Chickens die first inside the plastic greenhouse. Eggs rot on the conveyor belt. Rotten pigs packed in the refrigerated trucks are delivered to all the meat stores, the dead float up in the aquarium. The farmer’s market at Karakdong decays and the filth swells up inside my body and
you and I begin to rot in the open. I can’t leave the lights on for you any longer. We can no longer look each other in the face. You are completely cut off from me. Our skin melts, so anyone can look into anyone’s intestines. Toilets also overflow in dreams. Nothing goes down no matter how many times you flush. Even the candles give off a stench. If you have a flame thrower or a tidal wave,
please send it to me.
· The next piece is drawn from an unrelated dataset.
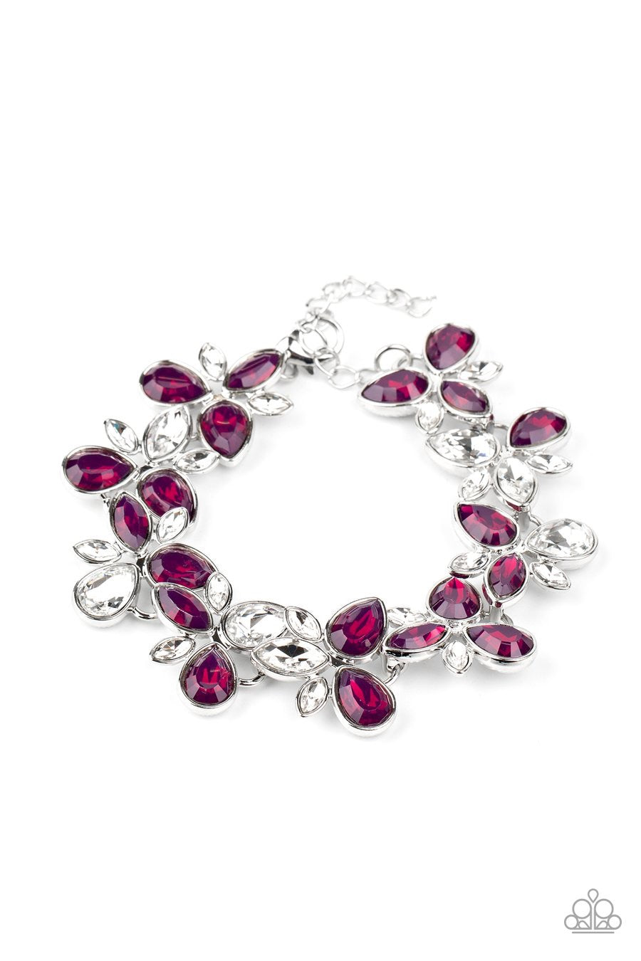 A glittery collection of Magenta Purple and glassy white teardrop rhinestones delicately connect into colorful frames around the wrist for an icy iridescence. Features an adjustable clasp closure.

Belgrade fell into darkness from the bombs that emitted black smoke. As the fighter jet dropped the bombs, the bombs exploded over the target and released black powder. The charged powder stuck to the power lines, caused a short circuit, burnt the lines, and disabled the power towers. NATO troops paralyzed the Yugoslavian troops’ information network, scrambling their computer system. Inside a dim room where the computers sit not saying anything
crazy people increase in numbers. Birds shudder and fall off and flowers begin to eat worms. Furthermore, there are flowers that bite people. Here, below my feet, is the interior of the world. The dead chickens on the mud floor are strewn like mountains. Now, I throw salt at you—what little is left of you—inside my heart. Instead, the microbes that have remained dormant within my skin enlarge. They become as big as ants, then hedgehogs, and this morning, they became as big as dogs.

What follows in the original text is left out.